I have been reading through the great posts and admire so many of you for replying to questions of the Newbies!
My son is a recent U of AZ college grad with a BS in Math/Physics minor.
May I ask why
you are reading all this material and asking questions, and not your 22 year old son?
He wanted to go into an Officers program after college but his GPA is 2.96. So he is looking at military options for some hands-on experience. He likes the Nuke Program and did well on their preliminary screen. He saw the curriculum covered in Nuclear Power School he was disappointed in that he has taken most of those course in college. Recruiters encouraged him that he would do well because of it. I am wondering - would the Nuke Program be a waste of his BS degree? Would he be with a bunch of 18 year olds? Plus six years is a long time commitment. He'd like to get a Masters at some point.
2.96 might be non-qualifying for nuke officer, but there are other officer programs where your son meets qualifications, provided that he does exceptionally well on the ASTB and has extra-curriculars/community involvement. Specifically, your son should inquire about SWO/EDO options.
Your son will not use his BS in Math as an enlisted nuke. He won't even use it as a sub or SWO nuke. Officer students get a 3 week crash course in about 66% of calc-1/2, then it's onto classes like fluid flow, electrical engineering, heat transfer, but all of these are specifically focused to principles in Navy nuclear reactors. If it doesn't specifically apply to a Navy nuclear reactor, it will not be in the curriculum. Hence they won't be good for any sort of college credit at the majority of undergraduate and graduate universities.
As for a master's degree: the officer pipeline offers paid graduate programs through Naval Postgraduate School and Naval War College.

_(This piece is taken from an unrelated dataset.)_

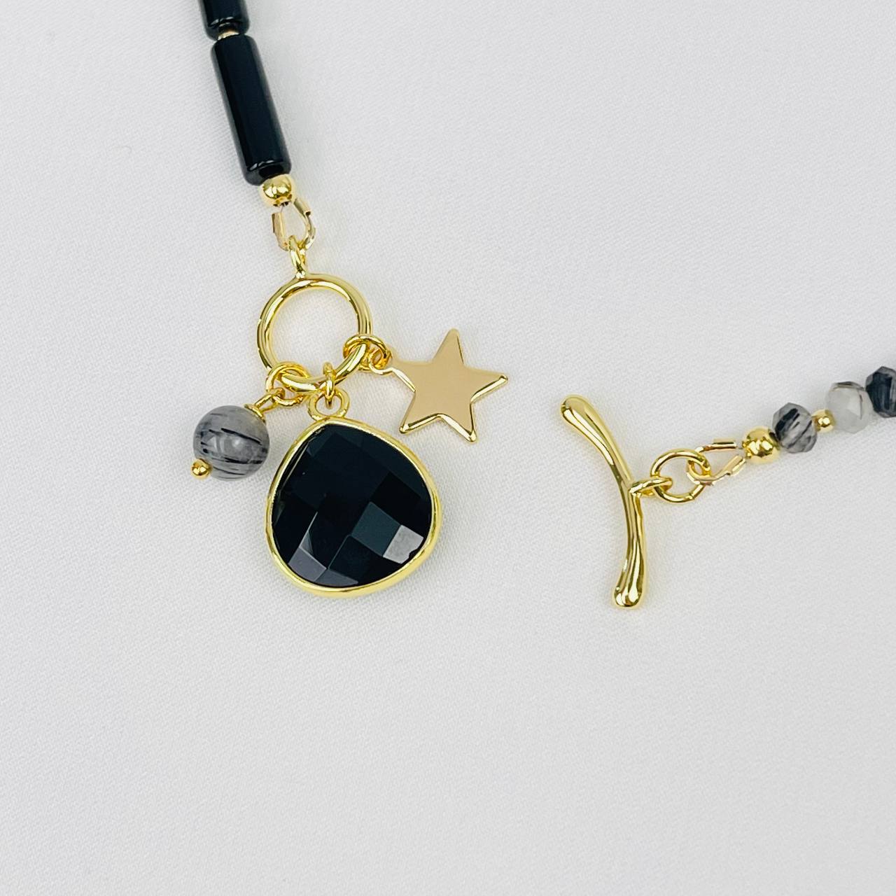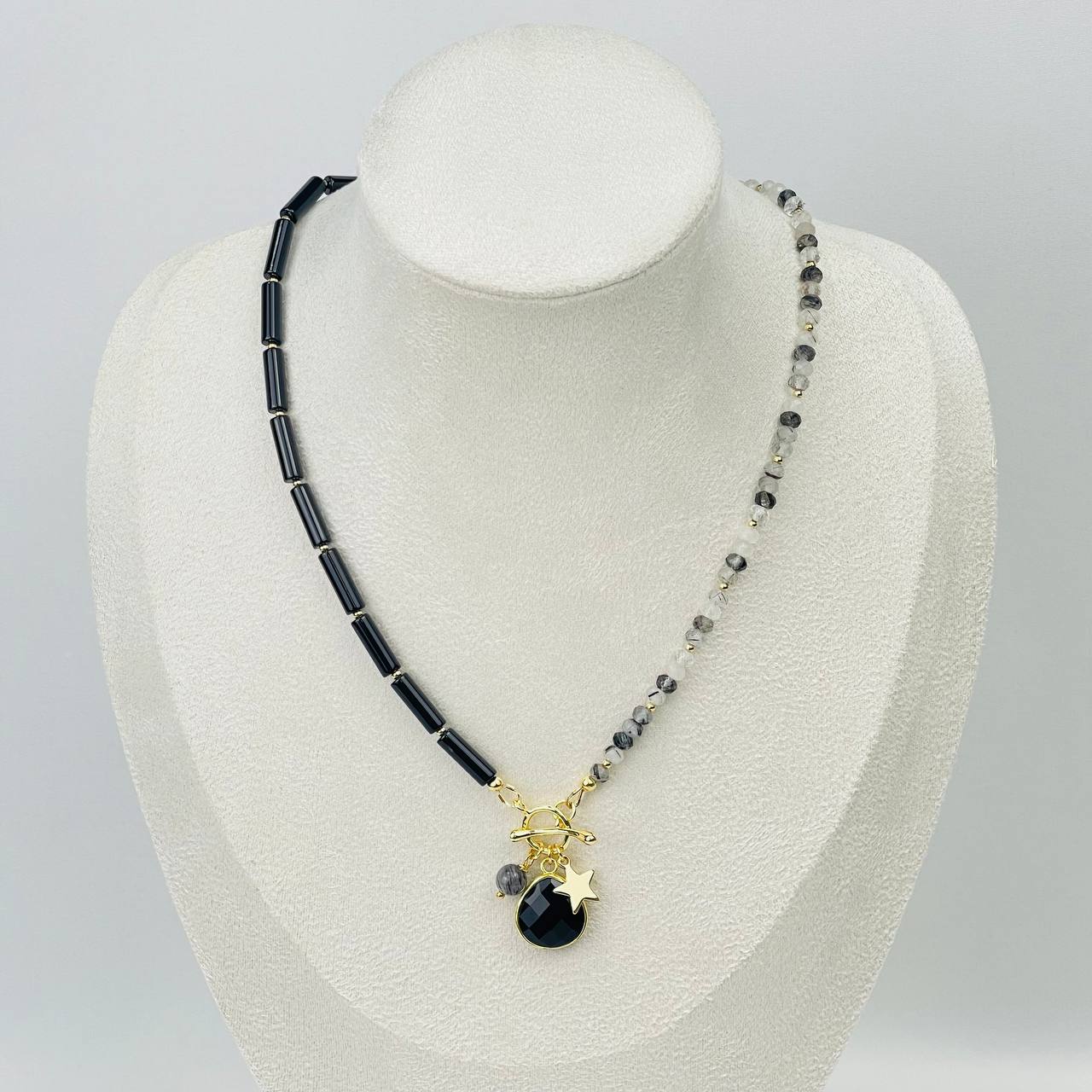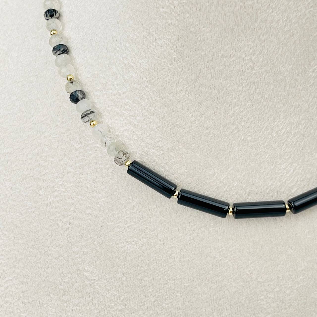 Радуга Самоцветов Колье из черного Агата и Кварца с включением Турмалина

Both require a department head tour, so he'd be looking at ~10 years of commissioned service minimum. With a math degree, he could attempt to ask to do Operations Research at NPS, which is a pretty decent program. The NWC does not have degree programs that would help your son with a post-Navy career and is generally reserved for O-4 and above.
However, no assignment in the Navy is guaranteed. Your son could ask for NPS and be sent to work making powerpoints in the Pentagon for his shore duty. Odds of your son getting what he wants are greatly enhanced by doing a good job and being pleasant for the CO to work with. Additionally, NPS is detrimental to aviation community career paths, if your son chooses to go that route, because he'll get non-observed fitreps when he's about to go to the O-4 screening board.
He likes the idea of military, training and direction. Any advice?
1) Allow your son to take charge of his own career. Kick his ass into reading the stuff you read and asking his own questions instead of you doing it for him. If he likes the idea of the military, then get him used to acting like an adult.
2) Your son should stop talking to enlisted Navy/AF recruiters. They don't know what STEM means because their job is to put sailors/airmen into the Navy/USAF and that doesn't require a 4-year college degree, let alone a STEM degree.
3) Based on what you said, your son should apply for Engineering Duty Officer (EDO) if he's eligible. The Navy has a master's at MIT or NPS built into the career path. If he's not eligible due to poor grades, he could go conventional Surface Warfare Officer (SWO) and attempt to lateral transfer to EDO after, assuming that they'd let him with those grades. SWO is a 4 year commitment, and they do accept people with sub 3.0 GPAs if they can do well on the ASTB and put together strong recommendations/essay/extra-curriculars. If he gets denied the lat xfer or is simply not eligible, he can either leave the service and use the GI bill to offset $18,700/year of graduate school costs, or he could roll the dice and try to get NPS on his shore duty.
4) If he doesn't like the idea of doing 4 years as a SWO with a longshot of lat transferring, he could apply for aviation. Again, the community will take him if he does extremely well on the ASTB, but their physical requirements are more stringent -- 20/40 vision or better in each eye, no sinus issues, and a handful of other things that are more thorough which I'm not completely familiar with. Pilot is a ~10 year commitment (8 years post winging, which takes about 2 years) and NFO is ~8 years (6 years post winging).
4) Enlisting will not give your son the experience and opportunities he seeks.
5) Your son screwed his college education with a 2.96 GPA, and the military won't be able to erase that.